O medo como método para aprofundar o preconceito

Estou impressionado com a estratégia adotada pela grande mídia brasileira em adotar um verdadeiro toque de recolher aos segmentos menos favorecidos de nossa sociedade impedindo-os de acessarem as galerias dos shoppings centers de nossas grandes cidades. E o pior, pagos e muito bem pagos pelos conglomerados financeiros que administram estes templos de consumo, impõem uma lógica do medo para se esquivar de um discurso que, no fundo é puro racismo social.

Os rolezinhos, como são chamados, são movimentos de grupos de jovens, normalmente distantes do padrão de consumo da clientela que frequenta os shoppings, que marcam seus encontros para passear assim como se fazia no passado nas praças públicas e se faz ainda hoje em alguns poucos ambientes de lazer públicos.

Mas, numa sociedade desigual como a nossa, cada vez mais os ambientes e/ou eventos culturais públicos vão ficando inacessíveis. A indústria do divertimento está cada vez mais refinada e, como é de se prever numa economia de mercado, cada vez mais cara. O poder público, por sua vez, não investe em infra-estrutura para as juventudes e cada vez mais terceiriza esta tarefa para grupos interessados em auferir lucros, gerando assim uma exclusão econômica silenciosa e perversa das periferias.

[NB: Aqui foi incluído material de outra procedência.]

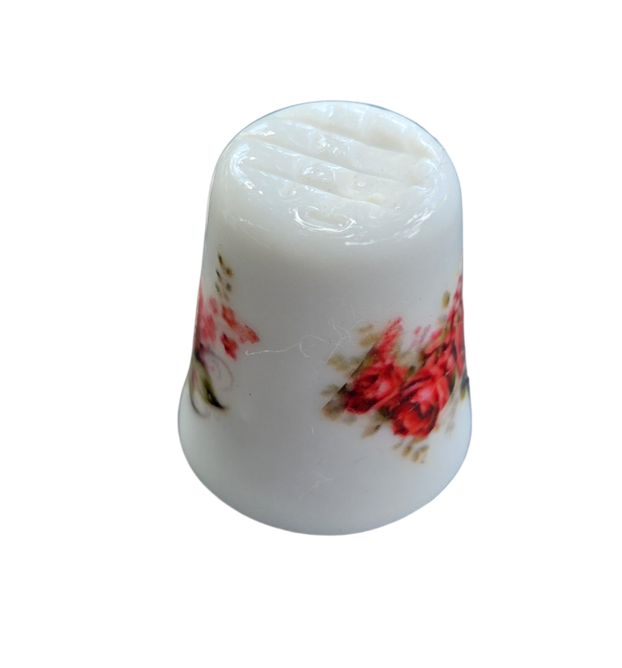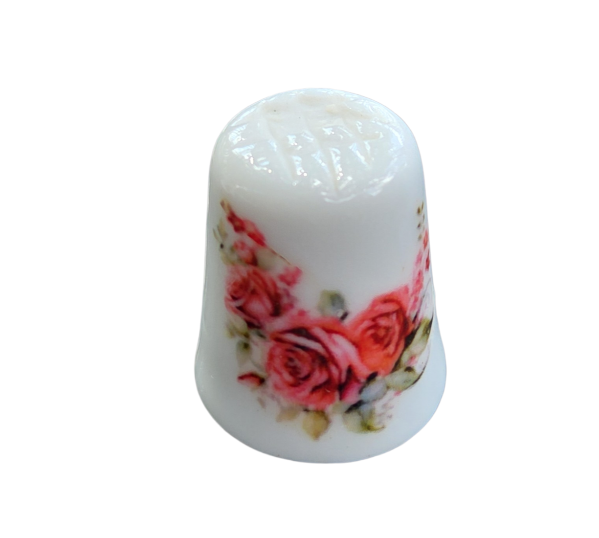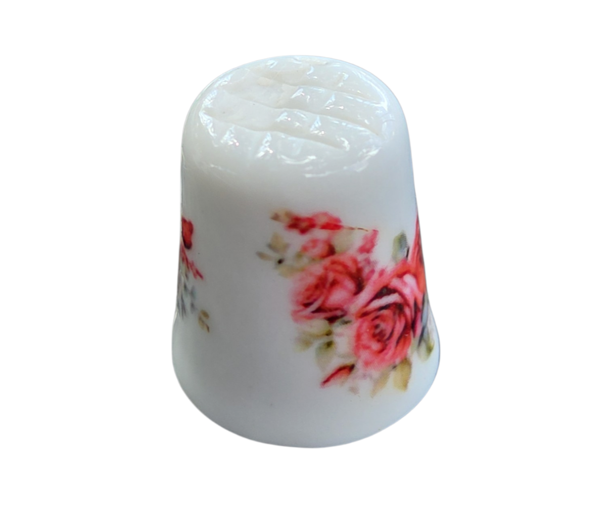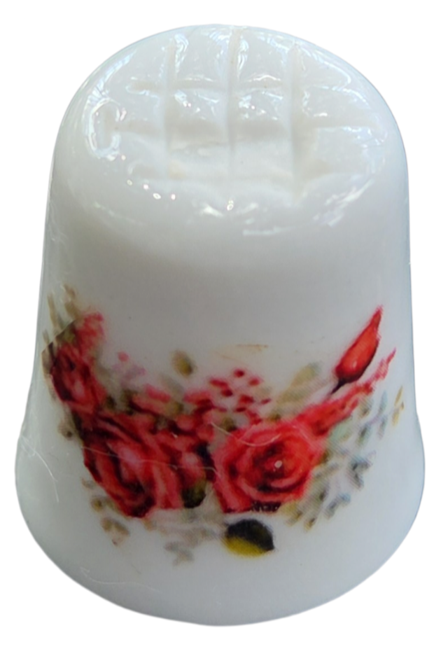 Este delicado dedal em porcelana é uma peça clássica de colecionismo, unindo funcionalidade e estética romântica. Com um design atemporal, a peça apresenta uma guirlanda floral que envolve parte de sua circunferência, ideal para compor conjuntos temáticos ou vitrines decorativas.
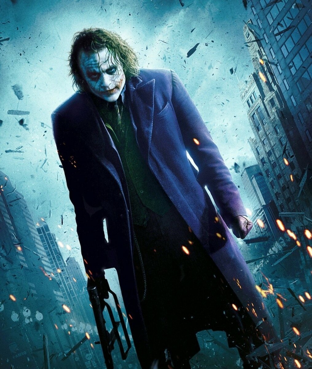 Темный рыцарь/The Dark Knight(2008), боевик с элементами драмы режиссера Кристофера Нолана. По количеству кассовых сборов кинолента стала четвертой в мире, собрав более 1 млрд долларов. Джокер - один из самых противоречивых персонажей. На вопрос "кто такой Джокер" большинство вам ответит, что это маниакальный неконтролируемый психопат, цель которого сеять хаос и творить террор. Однако, по картине Темный рыцарь мы видим, что за всеми его, якобы, спонтанными злодействами стоит четкий и продуманный до мелочей план. Готэм-сити - один из самых криминальных городов вселенной DC. Он наполнен всевозможными злодеями и коррумпированными чиновниками. И реальная, хоть и не очевидная, цель Джокера - очистить Готэм от той грязи, в которой погрязли он и его жители. Образ Джокера, в гениальном исполнении австралийского актера Хита Леджера, по праву можно считать одним из лучших кинозлодеев за всю историю. Эта роль принесла Леджеру 32 награды, в том числе Золотой глобус, Critics Choice Award и Оскар (
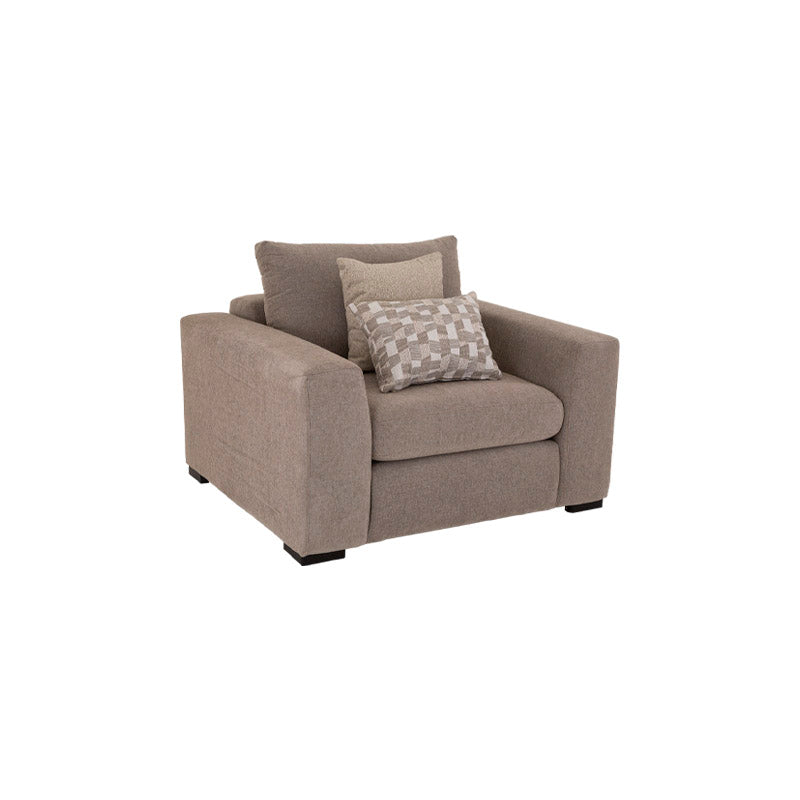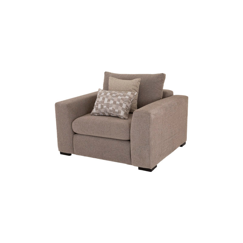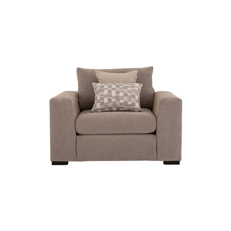 Date un respiro con el sillón Oporto. Compacto, cómodo y elegante, combina una estructura sólida de madera de pino con un tapizado suave y afelpado que te abraza en cada uso. Sus 2 cojines decorativos añaden el toque final para crear un espacio único y personal donde la calma es protagonista.
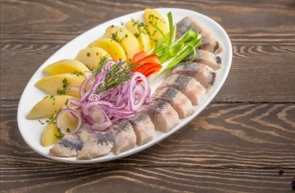 Сельдь в маринаде, красный лук и картофель

A manipulação da grande mídia usa o argumento nefasto do medo para angariar o apoio de uma cada vez mais conservadora classe média que se sente ameaçada pela possibilidade de um convivência com jovens de perfil bastante distinto do seu. Os conglomerados donos destes "templos de consumo" querem clientes e não pessoas. A eles interessa apenas quem vá ao shopping para ser seduzido pelo crédito. Os jovens da periferia não são consumidores e nem tem crédito para tal. Até imagino uma discussão entre os magnatas se perguntando entre si: se eles não vem para comprar não precisam estar aqui!!

O caminho mais fácil para a exclusão social é a criminalização. E não é de hoje que as imagens dos rolezinhos  - até vi uma hoje - são sempre associadas à baderna, vandalismo e furto. Até medidas preventivas na justiça estão sendo tomadas.

Lamentável que nossas elites ainda tenham medo dos pobres. Expresso aqui meu desagrado com esse racismo social que envergonha a nossa sociedade. Como cientista social e como cristão não posso deixar de manifestar o eu sentimento de indignação. O mercado só enxerga consumidores. Ele é cego para as pessoas.

Jovens, vocês tem o direito legitimo de irem aonde quiserem. Ensinem esta sociedade a ser tolerante com a diferença!